## [WHAT TO PRODUCE]
Please copy exactly the part of the records below that opens with the line containing "OEM replacement filter" and closes with the line containing "ティンパネルは手軽に施工でき", leaving out any pictures.

## [RECORDS SHOWN]
|---|

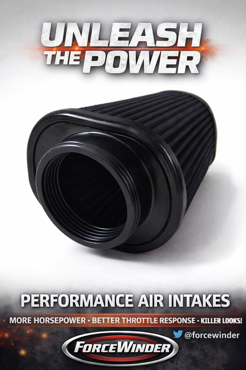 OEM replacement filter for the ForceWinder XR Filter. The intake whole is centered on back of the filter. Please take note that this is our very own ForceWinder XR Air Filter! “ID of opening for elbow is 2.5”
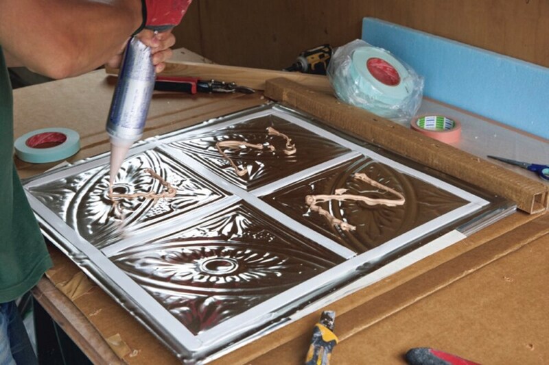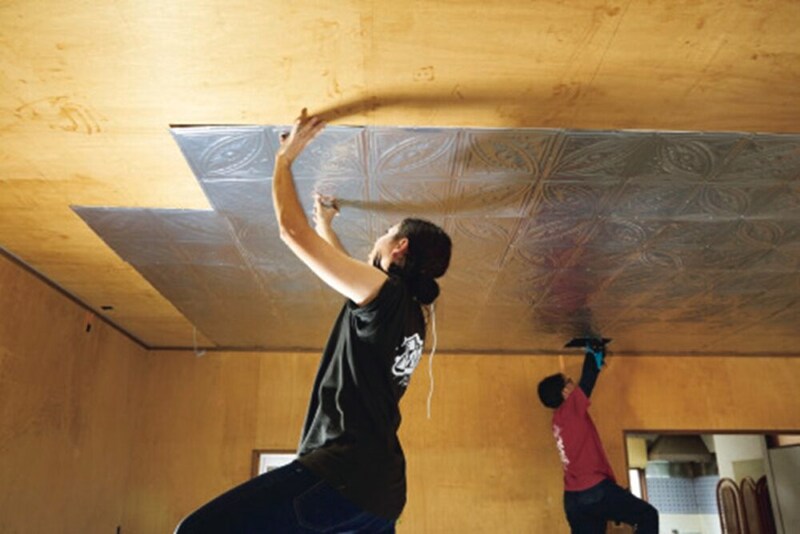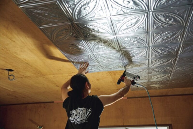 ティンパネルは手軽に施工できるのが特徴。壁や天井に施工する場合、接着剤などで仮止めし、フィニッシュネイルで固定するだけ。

|---|

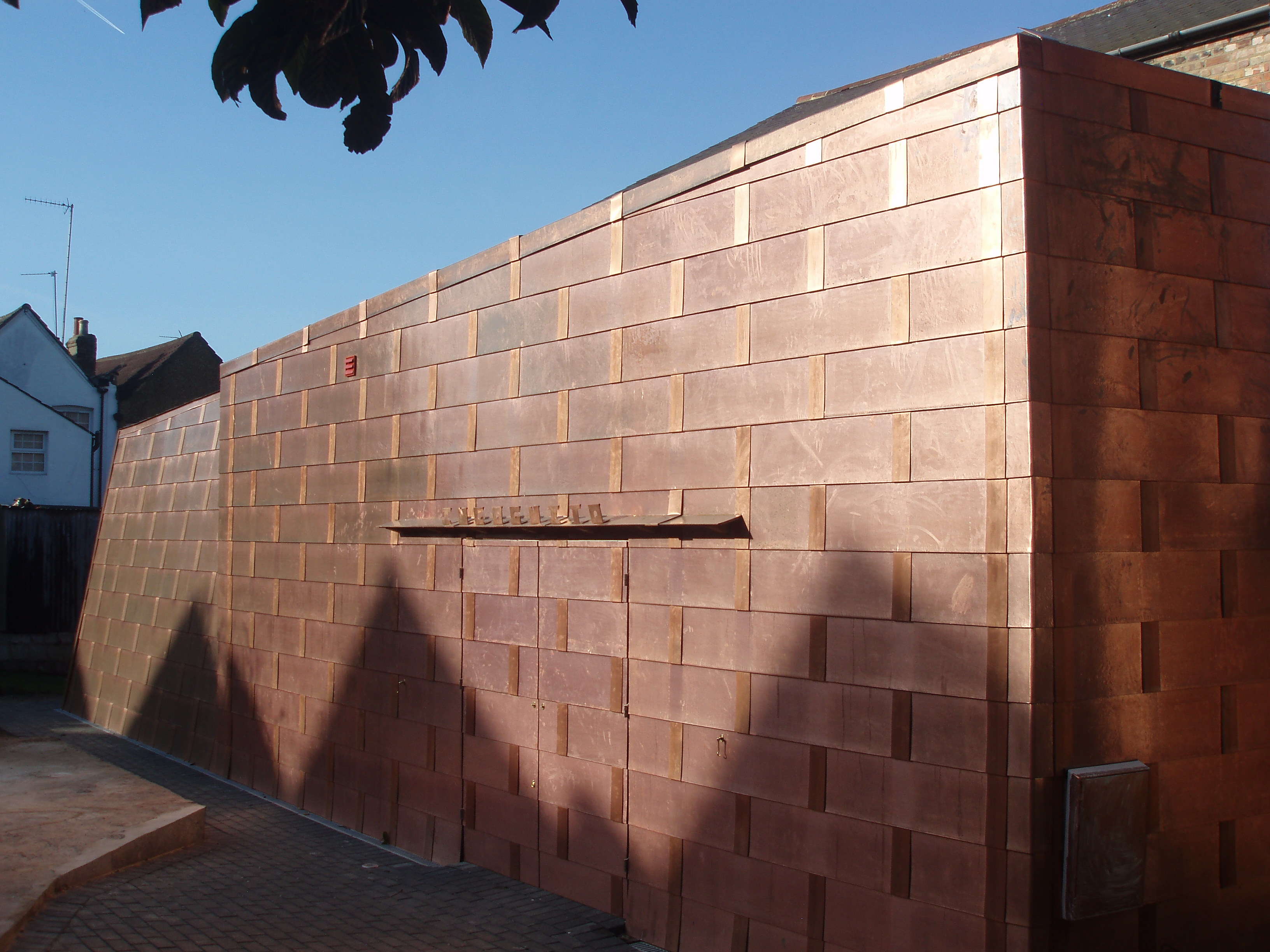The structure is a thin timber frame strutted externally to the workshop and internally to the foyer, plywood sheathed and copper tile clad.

|---|

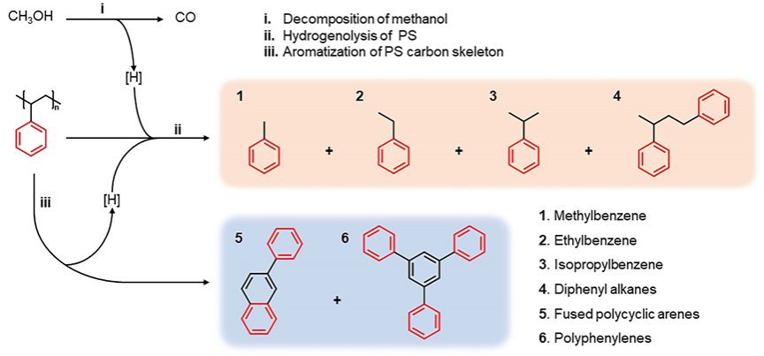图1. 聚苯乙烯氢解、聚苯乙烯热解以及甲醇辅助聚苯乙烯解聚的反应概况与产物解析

|---|

## [WRITTEN RESPONSE]
 OEM replacement filter for the ForceWinder XR Filter. The intake whole is centered on back of the filter. Please take note that this is our very own ForceWinder XR Air Filter! “ID of opening for elbow is 2.5”
 ティンパネルは手軽に施工できるのが特徴。壁や天井に施工する場合、接着剤などで仮止めし、フィニッシュネイルで固定するだけ。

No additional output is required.